The one thing you want to avoid in any simmering conflict is a revenge cycle: i.e. when people get too enraged to desire peace, and where each tit for tat blow exchanged simply creates the desire for more revenge.

Trump got conciliatory the next day because, as far as he was concerned, he got even, and thinking only of his own POV, peace was possible. However, his revenge has always been aimed at people on a lower social rung, those couldn't return his vengeance. He's oblivious to how it feels to be on the receiving end of retribution. Not only that, it's too late for him to learn about it, and unfortunately, he's dragged all of us along for the lesson. He's the one least capable of learning a lesson from consequences.  

Friday, January 17, 2020

We've arrived at the impeachment trial



Trump is going to face trial in the Senate starting Tuesday. Justice John Roberts swore every single Senator to impartiality. What a waste of his time. If I had any illusions that any of the GOP Senators would vote to remove Trump, I despaired at Rachel Maddow's reminder tonight that Vice President Mike Pence is also implicated in the Ukraine scandal. Of course, that was already well-known by anyone with even a passing interest in politics. But Lev Parnas affirmed it.

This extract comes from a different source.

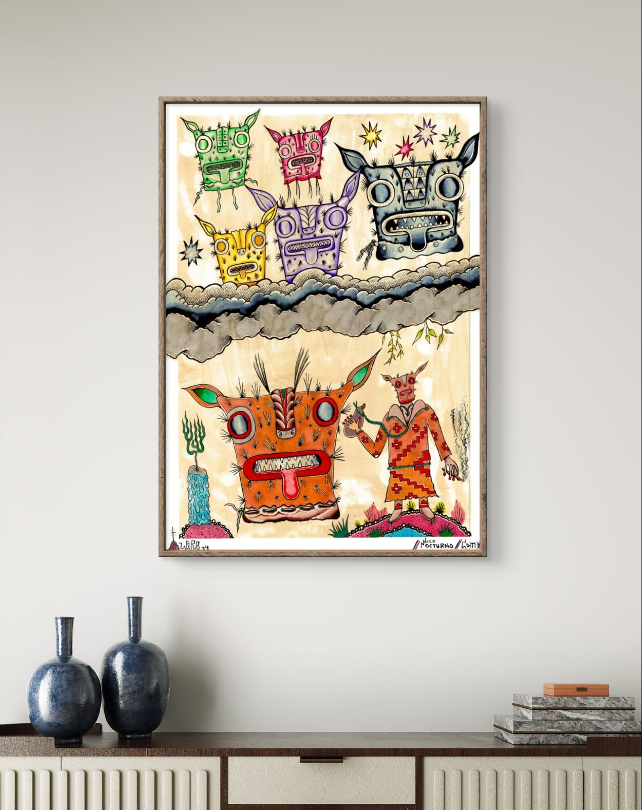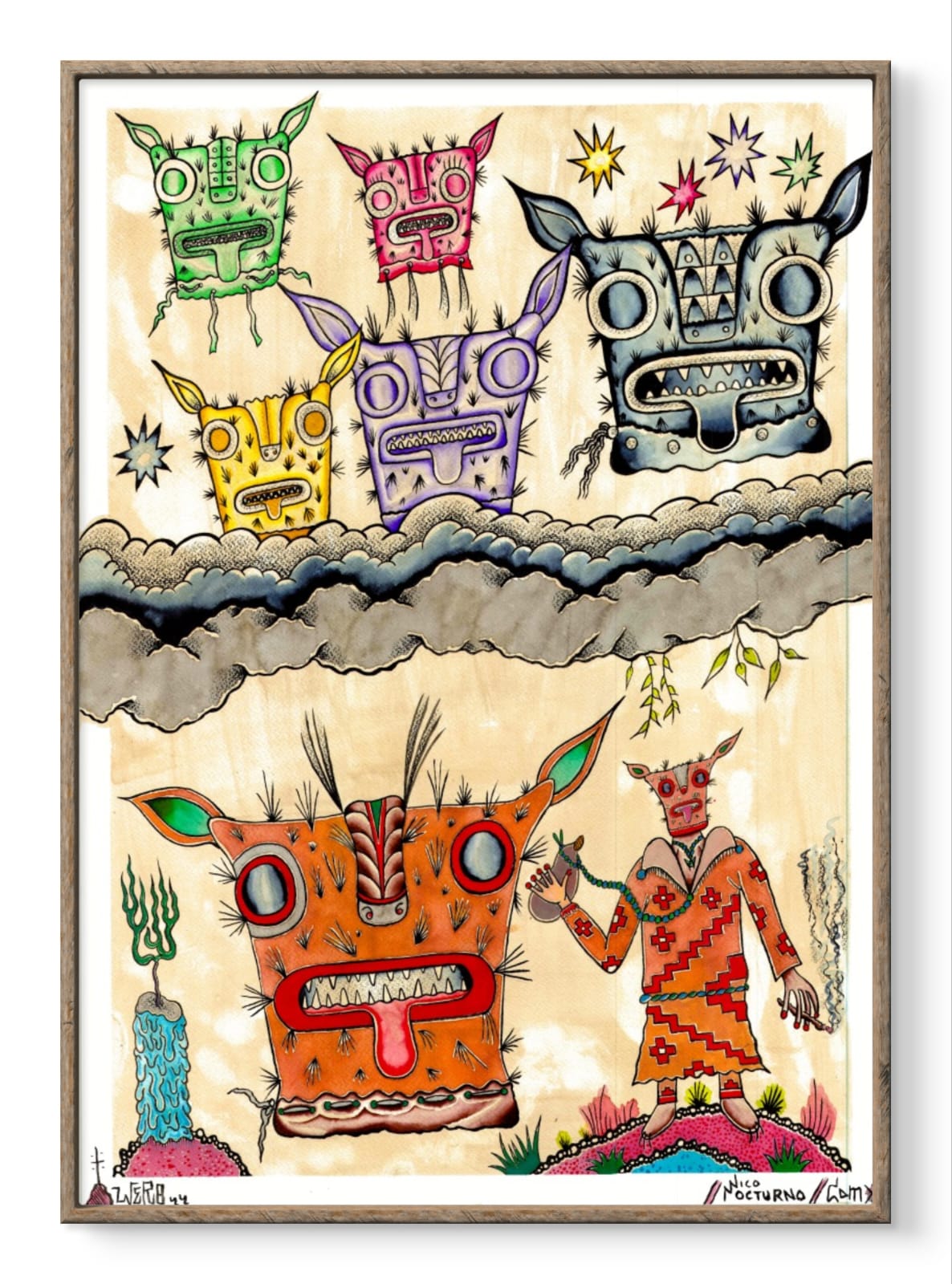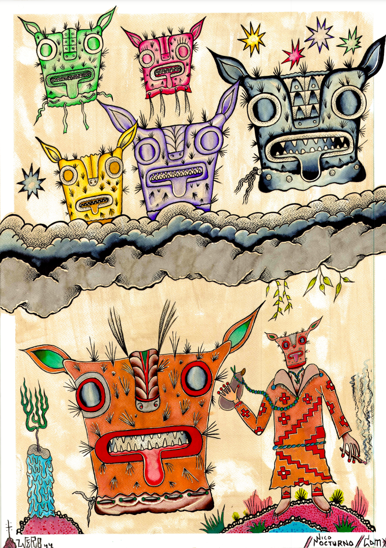 La obra captura una escena mística donde figuras enmascaradas se despliegan en un paisaje etéreo. Cada personaje parece custodiar secretos y transmitir mensajes ancestrales a través de sus gestos y colores vibrantes. La presencia de una figura que sostiene un cigarro y parece conversar con las máscaras flotantes sugiere un ritual o un encuentro de revelación espiritual. Este diálogo visual se intensifica con detalles que remiten a símbolos tribales y elementos naturales que enmarcan la composición, llevando al espectador a un mundo donde lo desconocido se encuentra con lo familiar.

The third in line to the presidency is the Speaker of the House, Nancy Pelosi. Republicans will never, ever make her the president for even a single lame-duck year.

All the GOP Senators know that their careers depend on Trump beating the rap. Which of us, when given a choice between saving our jobs or making a fair verdict wouldn't choose saving our jobs? Or at least revise our definitions of fairness and impartiality?

Not that I have sympathy for anyone who's put themselves in that dilemma. If the GOP weren't so pro-corruption now they wouldn't find themselves voting for corruption. They wouldn't be voting to put Trump beyond reach of any justice or oversite.

If Trump is still running the country in another month, expect his corruption to increase and his behavior to deteriorate. According to Barbara Res, who ran the Trump Organization for years, "Once he gets through this, and he probably will, he will exact revenge on a lot of people." (The quote is her last line in the linked video).